The best answer to the question, why are destructors called from derivatives to the base?

Recently I attended an interview where a person asked me what the order of construction and destruction is. I explained that construction occurred from the foundation to the child and destruction from the child to the foundation.

The interviewer was fascinated by the fact that he knew if there was any particular reason for the destruction that occurred from the derivative to the base. I explained to him, but he was not convinced.

His thought was that if destroying a base class gives an exception, then as if the derived class knew that the object of the derived class was already destroyed.

He also said that a derived class contains members of a base class, so why can't we first cause the destruction of the base class?

I explained that after the destruction of the derived class, we cannot say that the object is completely destroyed.

I'm here? What is the best answer here?

+4
source share
3 answers

In C #, an object's construction follows this order:

  • Initializing Derived β†’ Base Data Elements
  • Execution of the base of constructors β†’ Derivatives.

Why?

  • Initialization follows Derived -> Base to avoid reinitializing members initialized differently in Derived from the base.
  • The line follows Base -> Derived, because the Derived constructor can rely on methods of the Base class.

Other languages ​​handle initialization differently, but the typical Base-> Derived construct.

Destruction comes from Derived -> Base.

Why?

  • Derivatives can still use the funds allocated by the base at the time of destruction.

    • If the base was first destroyed, these resources will no longer be available to Derived.
  • Each level of the hierarchy should be responsible for releasing any resources allocated by that level.

    • The database cannot release Derived Class resources that it does not know about.
    • Derivatives should also not be relevant for resources allocated by the database.
      • In a rigorous OOP, derivatives do not even need to know the details of these resources or how they are allocated or released.

To answer his specific questions:

  • Database Exception
    • Exceptions should not be thrown in destructors (in particular, in C # this can kill the garbage collector at least once)
  • Derived classes contain base class elements
    • An object has one instance of any data item. Not one per level hierarchy.
      Thus, we return to the fact that if the database frees the resources associated with the data item, it will no longer be available for use by the Derived class.

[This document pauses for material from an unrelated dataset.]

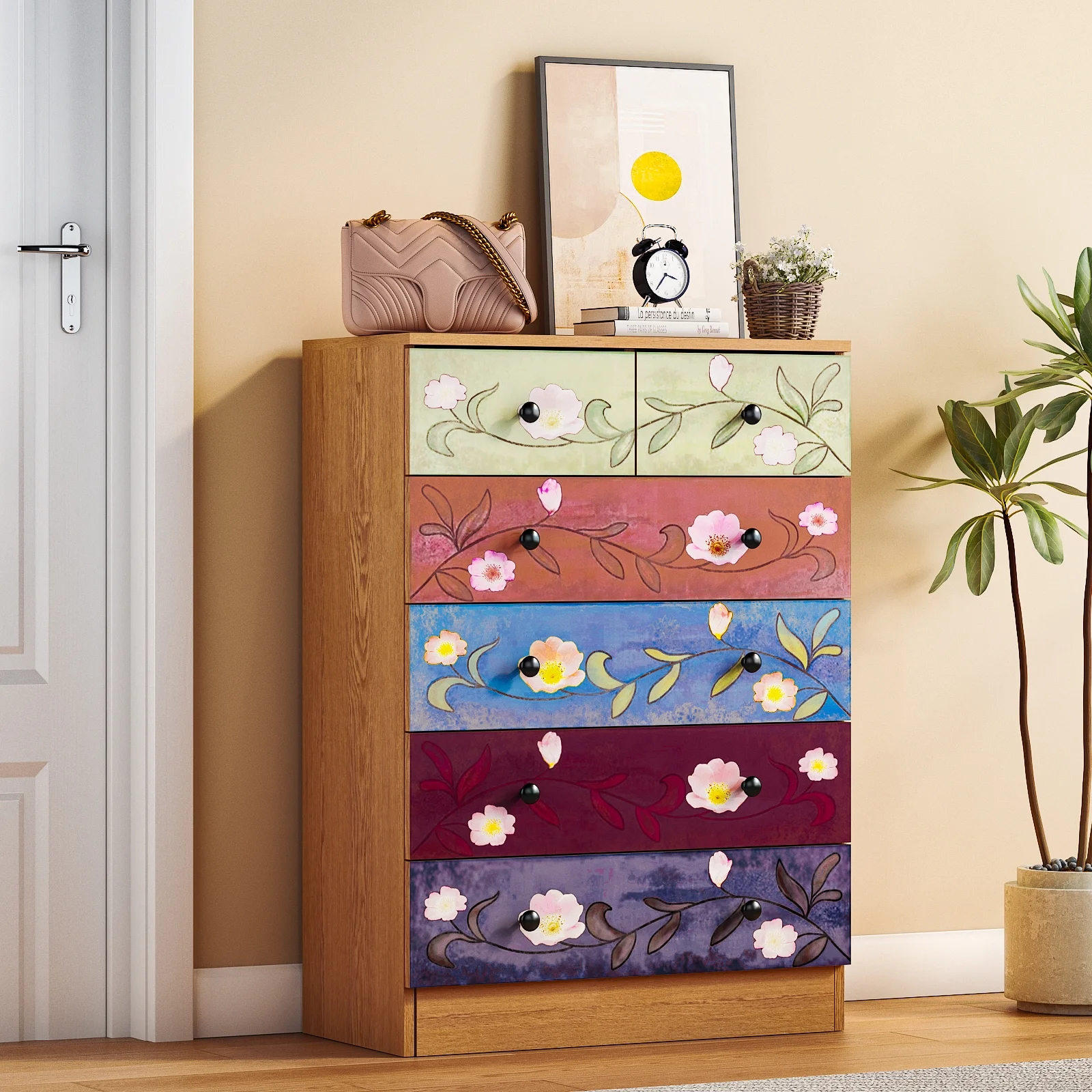 Generous Storage Capacity: This 5-layer, 6-drawer cabinet provides plenty of space to organize clothes, accessories, toys, or office supplies, keeping your belongings neatly stored and easily accessible.
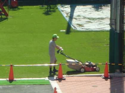 この時期は、朝にたっぷり水をあげること。夏芝は生育が盛んなので、週一回は芝を三分の一程度刈る必要があるのだそうです。校長先生自ら芝を刈っています。

To your explanation of the argumentation order. If we assume that the order of Derived-> Base is correct, this explains why you should still call the base destructor, but not why Derived comes first.
If the problems with ordering were different and the destruction was completed by Base-> Derived, we could consider the object completely destroyed after the Derived destructor was completed, since the destruction would have occurred at all levels.

+1
source

You are absolutely right. I often asked this question when interviewing experienced C ++ programmers. A derived class must be built after the base class so that the constructor of the derived class can reference the data of the base class. For the same reason, the destructor of the derived class must run before the destructor of the base class. This is very logical: we build from the inside and destroy from the outside. If the base class destructor throws an exception, it cannot be caught by the derived class destructor. Also, an exception in the constructor of the base class is not handled by the constructor of the derived class. In general, exceptions should not be thrown from destructors.

+2
source

It is important to understand that the construction of the object occurs in stages. If you have a class B derived from A, you build B by first creating A and then turning A into B. Similarly, B is destroyed by first turning it into A and then destroying A. This provides a very consistent way of thinking about creating and destruction of the object.